::: Data to examine
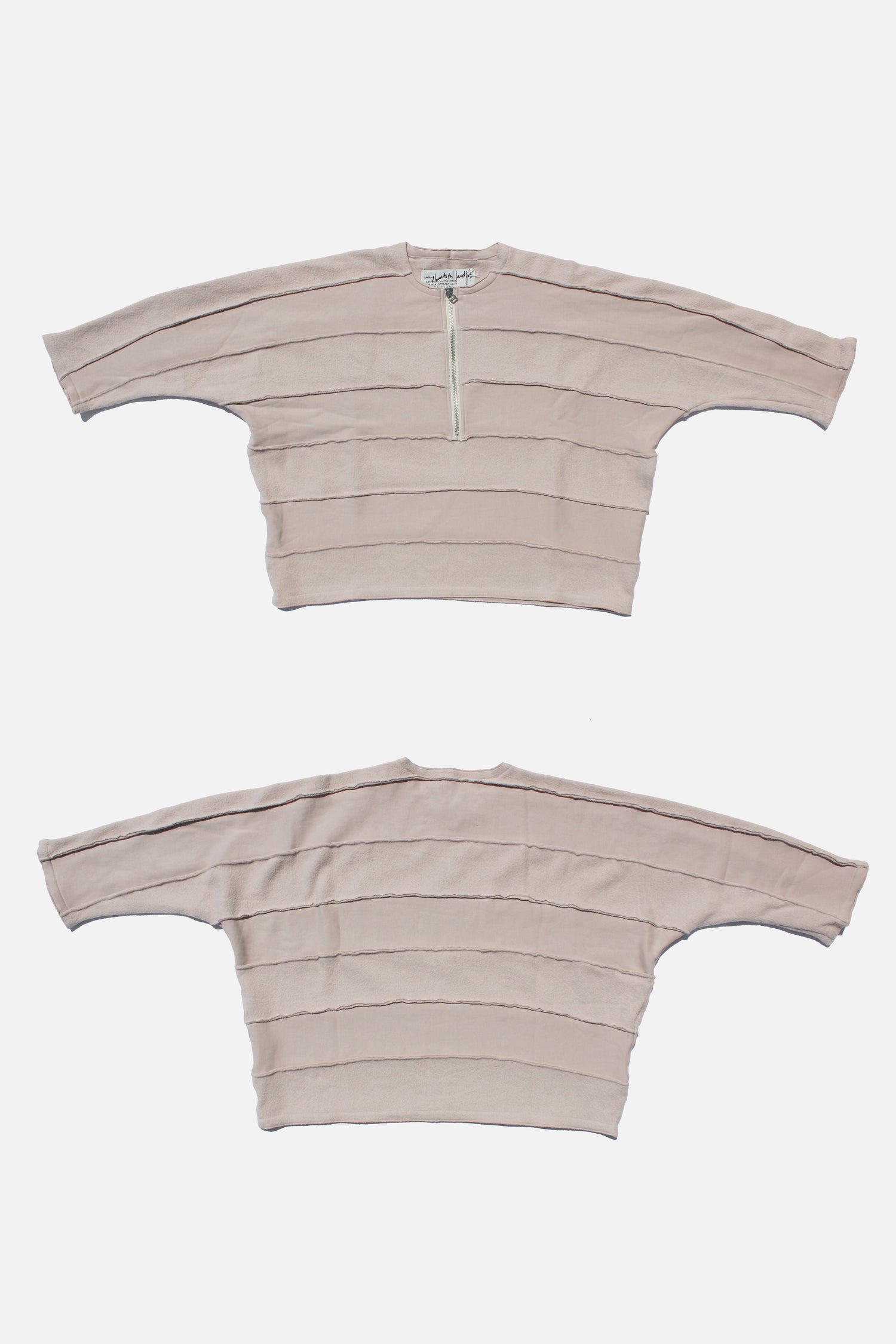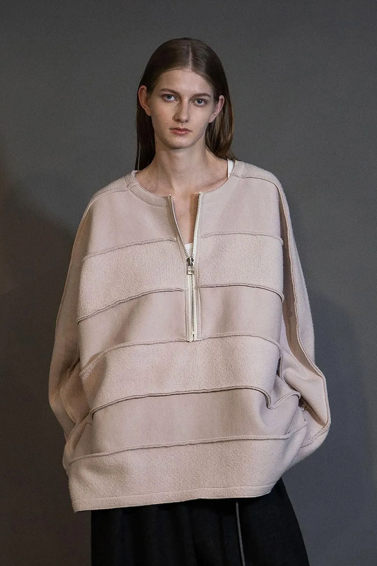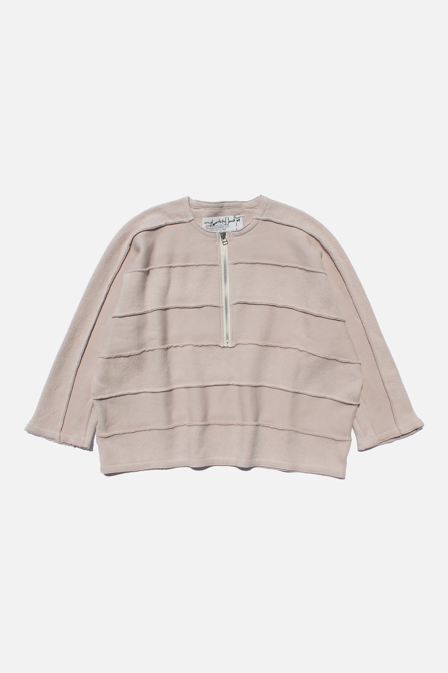 Half-zip crewneck pullover. Brushed inner fleece with a napped finish for soft texture and reduced shedding. Wide, relaxed silhouette with natural drape. Unisex, refined.
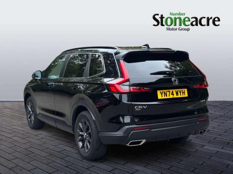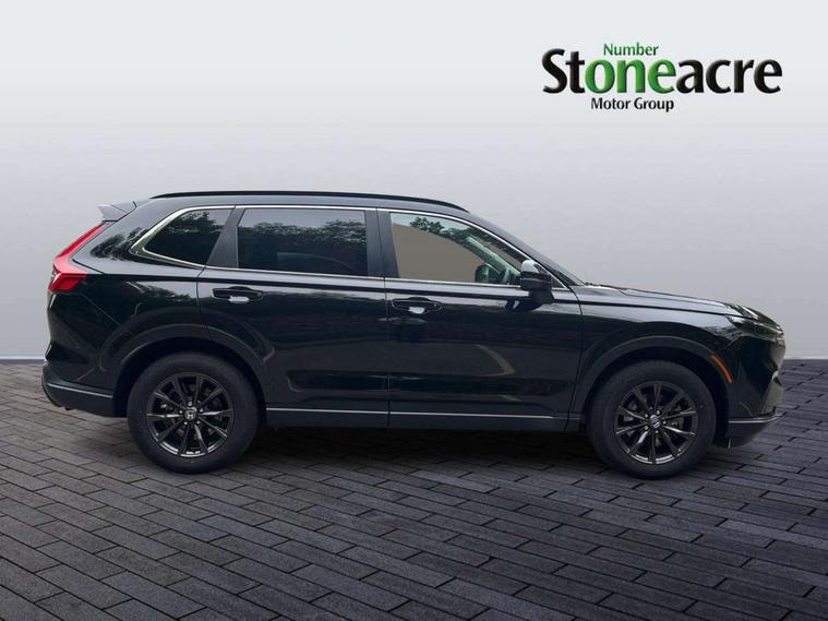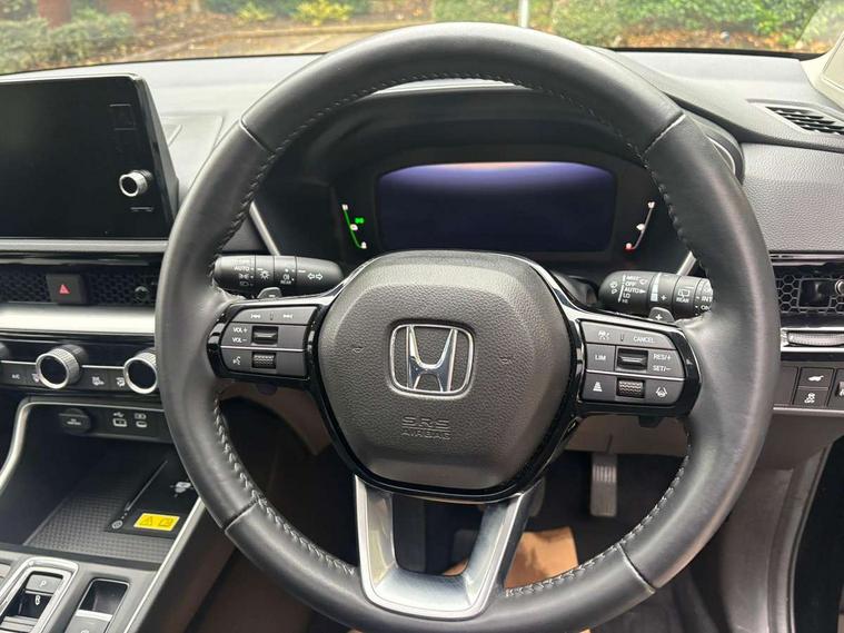 10.2" Multi information display, 4 x front and 4 x rear parking sensors, Active lane change assist, Adaptive cruise control with Cornering speed assist, Adjustable speed limiter, Agile handling assist, BLIS (Blind Spot Information System) with Cross Traffic Monitor, Bluetooth hands free telephone connection, Crossing traffic warning front, Drive mode (Econ, Normal, Snow, Sport), Driver attention monitoring system, E-call, eCall emergency call system, Electric power steering, Emergency stop signalling system, Forward collision warning, Handfree power tailgate with kick sensor and walk away close, HEV mode, Honda 360 sensing, Honda CONNECT with Navigation 9" touchscreen, AM/FM/DAB, Apple Carplay and Android Auto, live traffic info, Intelligent speed limiter, Lane change collision mitigation, Lane departure warning system, Lane keep assist system, Lane watch, Lead car departure notification system, Low speed following, Power meter, Rear view camera, Road departure mitigation, Traffic jam assist, Traffic sign recognition, Wireless apple carplay, Wireless charging, Amplitude reactive damper, Vehicle stability assist, 1X USB (A/2.5A) and 1x Charger (C/3A) on Front, 8 Speakers, DAB+ radio, Dashboard centre speaker, Front tweeters, Premium audio speakers, Rear USB 2x Charger (C/3A), Steering wheel mounted controls, Auto dimming rear view mirror, Auto headlights, Auto wipers, Body colour bumpers, Body colour door handles, Body colour plus material colour roof spoiler, Body coloured shark fin antenna, Chrome + black paint grille, Electrically adjustable and heated door mirrors, Electrically folding door mirrors, Exhaust pipe finisher, Exterior mirror tilt for reverse, Front and rear electric windows, Front LED Indicator lights, Front turn type led with sequential, Headlight auto on/off timer, High beam assist, LED 3rd brake light, LED daytime running lights, LED front fog lights, LED Headlights, LED rear lights, Low gloss black window garnish, Panoramic opening glass sunroof, Privacy glass, Rain sensor, Rear side wing doors, Rear wiper, Roof rails, Trailer stability assist, Welcome home function, 3 seat bench in 2nd row, 4 way driver lumbar support, 4 way electrically adjustable passenger seat without height adjust, 60/40 split folding rear seat, 8 way electrically adjustable drivers seat, Accessory sockets in Front & Trunk, Air conditioning - Rear vent, Ambient light in roof, Cargo net hooks, Courtesy lights, Driver and front passenger seat armrests, Driver/passenger front seatback pockets, Driver/passenger sunvisors and vanity mirrors, Driver/passenger sunvisors with illuminated vanity mirrors, Dual zone automatic climate control, Film hairline interior panels, Footwell ambient interior light front and rear, Front and rear ambient light (door handle&door line) and front cup holder, Front centre armrest, Front map lights, Genuine leather steering wheel, Heated front seats, Heated steering wheel, Hybrid emblem, I-Size ISO Fix Points, Instrument panel with garnish wood film, Leather upholstery, Light roof lining, Luggage floor box, Meter illumination, Normal pedals, Platinum chrome interior door handles, Rear centre armrest, Rear headrests, Rear reading lights, Reclining rear seats, Single front passenger seat, Sunglasses holder, Synthetic headrest, Tilt/telescopic adjustable steering wheel, Tonneau cover, Trunk light, Exclusive styling pack - CR-V, 5 x 3 point seatbelts, ABS/EBD, Anti-whiplash front headrests, Brake assist function, Collision mitigation braking system, Deflation detection system, Driver airbag, Driver SRS airbag (single stage inflation), Electronic parking brake with auto hold, Front and rear collision mitigation throttle control, Front and rear curtain airbags, Front and rear seat belts with emergency locking retractor (ELR), Front centre airbag, Front passenger airbag, Front side airbags, Hill descent control, Hill start assist, Knee airbags (DR) and (AS), Low speed brake system, Manual child lock in rear doors, Paddle deceleration control, Passenger SRS airbag with cut off switch, Rear side airbags, Honda super locks, Immobiliser, Mirrors and windows key fob operation, Remote central locking with 2 key fobs, Security alarm, Selectable door unlock, Smart entry + Smart start, Tilt sensors, Ultrasonic security sensor, Flat tyre solution temper tyre/repair kit,
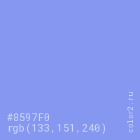 Цвет #8597F0 в цветовой модели RGB обозначается тремя октетами (133, 151, 240) в десятичном формате и #8597F0 в шестнадцатиричном (hex) формате, которые являются интенсивностью красного 133 (hex 85), интенсивность зелёного 151 (hex 97) и интенсивность синего 240 (hex F0).
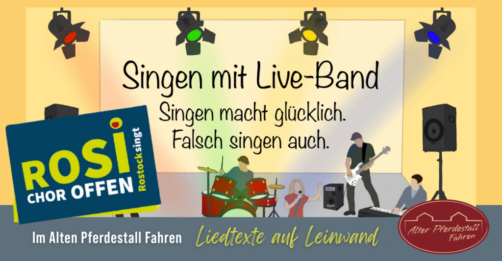 Am Freitag, dem 12. September 2025, wird Rosi – Rostock singt – um 19:30 Uhr im Alten Pferdestall Fahren zu erleben sein. Dann heißt es: Fahren singt. Das Motto: Songs for love and peace.
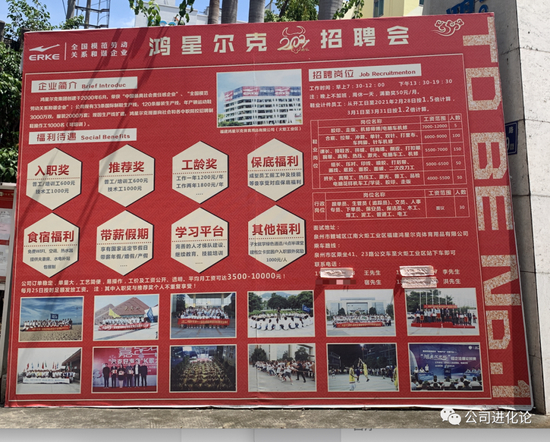贝壳财经记者同时注意到,鸿星尔克在两个厂区门前都打出了招聘广告,这似乎印证了鸿星尔克缺工的现状。
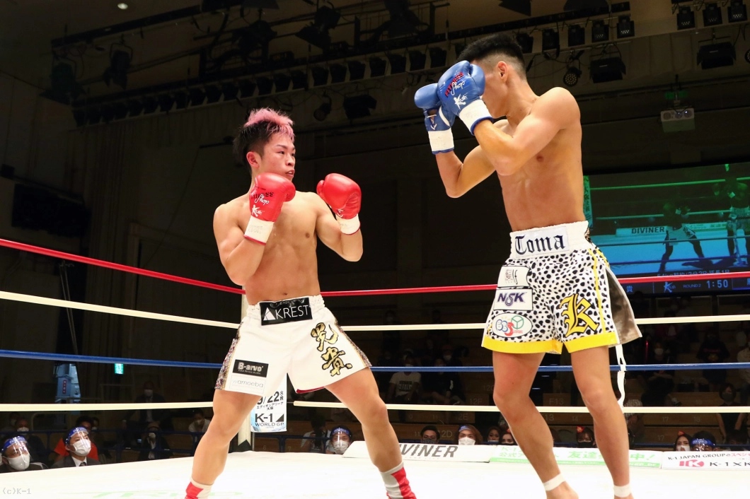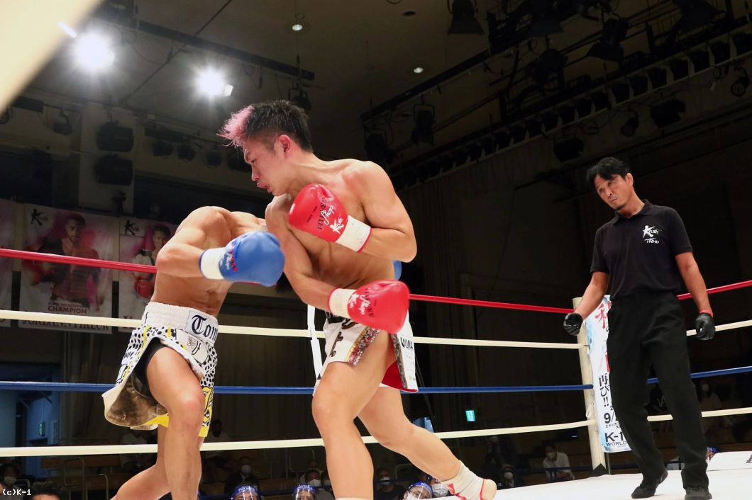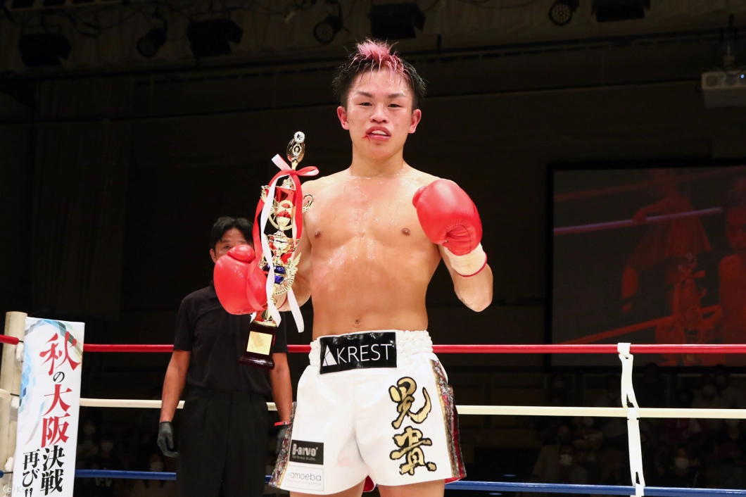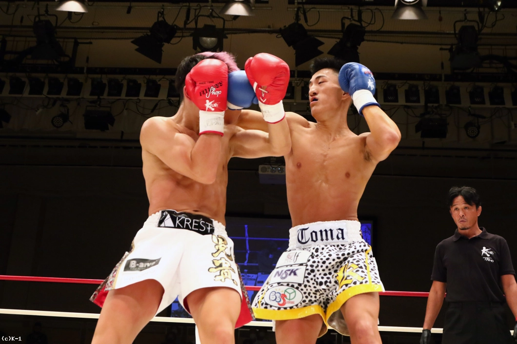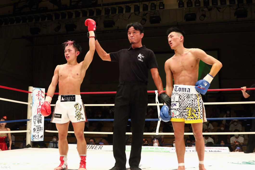 延長R、前に出る晃貴に対し、距離を作って展開せんとする黒田。晃貴の前進に合わせ、黒田はバランスを崩すインロー、右フックと放つ。晃貴はジャブ・右ストレートを伸ばすが思ったように黒田をとらえられない。しかし圧力をきかせて黒田のクリンチを呼び込み、これにレフェリーからイエローカードが出される。判定は10−8、10−8、10−8の3−0で晃貴。3連敗を脱する勝利を得た。
::::::
In the copy, include no pictures; otherwise transcribe the entries exactly.

 Half-zip crewneck pullover. Brushed inner fleece with a napped finish for soft texture and reduced shedding. Wide, relaxed silhouette with natural drape. Unisex, refined.
 10.2" Multi information display, 4 x front and 4 x rear parking sensors, Active lane change assist, Adaptive cruise control with Cornering speed assist, Adjustable speed limiter, Agile handling assist, BLIS (Blind Spot Information System) with Cross Traffic Monitor, Bluetooth hands free telephone connection, Crossing traffic warning front, Drive mode (Econ, Normal, Snow, Sport), Driver attention monitoring system, E-call, eCall emergency call system, Electric power steering, Emergency stop signalling system, Forward collision warning, Handfree power tailgate with kick sensor and walk away close, HEV mode, Honda 360 sensing, Honda CONNECT with Navigation 9" touchscreen, AM/FM/DAB, Apple Carplay and Android Auto, live traffic info, Intelligent speed limiter, Lane change collision mitigation, Lane departure warning system, Lane keep assist system, Lane watch, Lead car departure notification system, Low speed following, Power meter, Rear view camera, Road departure mitigation, Traffic jam assist, Traffic sign recognition, Wireless apple carplay, Wireless charging, Amplitude reactive damper, Vehicle stability assist, 1X USB (A/2.5A) and 1x Charger (C/3A) on Front, 8 Speakers, DAB+ radio, Dashboard centre speaker, Front tweeters, Premium audio speakers, Rear USB 2x Charger (C/3A), Steering wheel mounted controls, Auto dimming rear view mirror, Auto headlights, Auto wipers, Body colour bumpers, Body colour door handles, Body colour plus material colour roof spoiler, Body coloured shark fin antenna, Chrome + black paint grille, Electrically adjustable and heated door mirrors, Electrically folding door mirrors, Exhaust pipe finisher, Exterior mirror tilt for reverse, Front and rear electric windows, Front LED Indicator lights, Front turn type led with sequential, Headlight auto on/off timer, High beam assist, LED 3rd brake light, LED daytime running lights, LED front fog lights, LED Headlights, LED rear lights, Low gloss black window garnish, Panoramic opening glass sunroof, Privacy glass, Rain sensor, Rear side wing doors, Rear wiper, Roof rails, Trailer stability assist, Welcome home function, 3 seat bench in 2nd row, 4 way driver lumbar support, 4 way electrically adjustable passenger seat without height adjust, 60/40 split folding rear seat, 8 way electrically adjustable drivers seat, Accessory sockets in Front & Trunk, Air conditioning - Rear vent, Ambient light in roof, Cargo net hooks, Courtesy lights, Driver and front passenger seat armrests, Driver/passenger front seatback pockets, Driver/passenger sunvisors and vanity mirrors, Driver/passenger sunvisors with illuminated vanity mirrors, Dual zone automatic climate control, Film hairline interior panels, Footwell ambient interior light front and rear, Front and rear ambient light (door handle&door line) and front cup holder, Front centre armrest, Front map lights, Genuine leather steering wheel, Heated front seats, Heated steering wheel, Hybrid emblem, I-Size ISO Fix Points, Instrument panel with garnish wood film, Leather upholstery, Light roof lining, Luggage floor box, Meter illumination, Normal pedals, Platinum chrome interior door handles, Rear centre armrest, Rear headrests, Rear reading lights, Reclining rear seats, Single front passenger seat, Sunglasses holder, Synthetic headrest, Tilt/telescopic adjustable steering wheel, Tonneau cover, Trunk light, Exclusive styling pack - CR-V, 5 x 3 point seatbelts, ABS/EBD, Anti-whiplash front headrests, Brake assist function, Collision mitigation braking system, Deflation detection system, Driver airbag, Driver SRS airbag (single stage inflation), Electronic parking brake with auto hold, Front and rear collision mitigation throttle control, Front and rear curtain airbags, Front and rear seat belts with emergency locking retractor (ELR), Front centre airbag, Front passenger airbag, Front side airbags, Hill descent control, Hill start assist, Knee airbags (DR) and (AS), Low speed brake system, Manual child lock in rear doors, Paddle deceleration control, Passenger SRS airbag with cut off switch, Rear side airbags, Honda super locks, Immobiliser, Mirrors and windows key fob operation, Remote central locking with 2 key fobs, Security alarm, Selectable door unlock, Smart entry + Smart start, Tilt sensors, Ultrasonic security sensor, Flat tyre solution temper tyre/repair kit,
 Цвет #8597F0 в цветовой модели RGB обозначается тремя октетами (133, 151, 240) в десятичном формате и #8597F0 в шестнадцатиричном (hex) формате, которые являются интенсивностью красного 133 (hex 85), интенсивность зелёного 151 (hex 97) и интенсивность синего 240 (hex F0).
 Am Freitag, dem 12. September 2025, wird Rosi – Rostock singt – um 19:30 Uhr im Alten Pferdestall Fahren zu erleben sein. Dann heißt es: Fahren singt. Das Motto: Songs for love and peace.
贝壳财经记者同时注意到,鸿星尔克在两个厂区门前都打出了招聘广告,这似乎印证了鸿星尔克缺工的现状。
 延長R、前に出る晃貴に対し、距離を作って展開せんとする黒田。晃貴の前進に合わせ、黒田はバランスを崩すインロー、右フックと放つ。晃貴はジャブ・右ストレートを伸ばすが思ったように黒田をとらえられない。しかし圧力をきかせて黒田のクリンチを呼び込み、これにレフェリーからイエローカードが出される。判定は10−8、10−8、10−8の3−0で晃貴。3連敗を脱する勝利を得た。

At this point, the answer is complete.